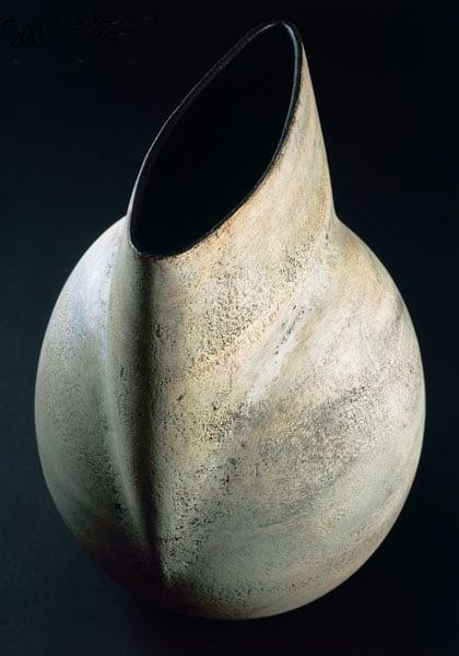 A large vase with spherical base and flattened cylindrical neck. Brown and cream glazes. Part of the original ceramic collection of Lady Sempill, the castle's last resident, which also includes works by Lucy Rie and Bernard Leach.
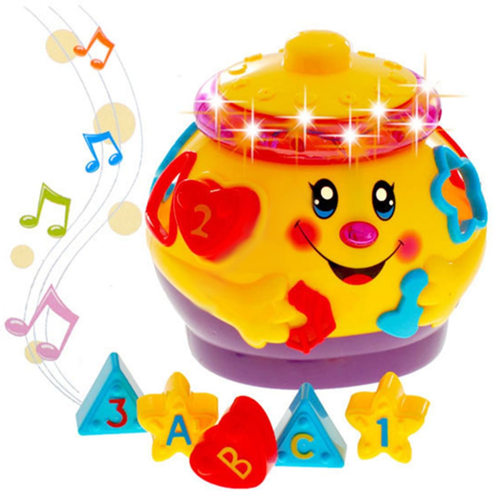 Usměvavý hudební interaktivní hrnec s vkládačkou žlutý
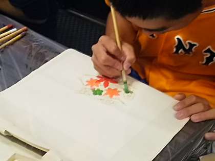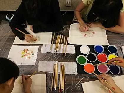 各班とも、ほぼ予定通りの班行動を終え夕方には2日目の宿に到着しました。夕食後に、エコバッグの絵付け体験にチャレンジしています。
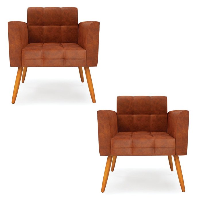 Kit 2 Poltronas Elisa Corano Pés Palito Castanho - D'Rossi DRossi Nozes
____
Leave out the pictures, and please output only the lines from the line that contains "各班とも、ほぼ予定通りの班行" through the end of the data, both ends included.

 各班とも、ほぼ予定通りの班行動を終え夕方には2日目の宿に到着しました。夕食後に、エコバッグの絵付け体験にチャレンジしています。
 Kit 2 Poltronas Elisa Corano Pés Palito Castanho - D'Rossi DRossi Nozes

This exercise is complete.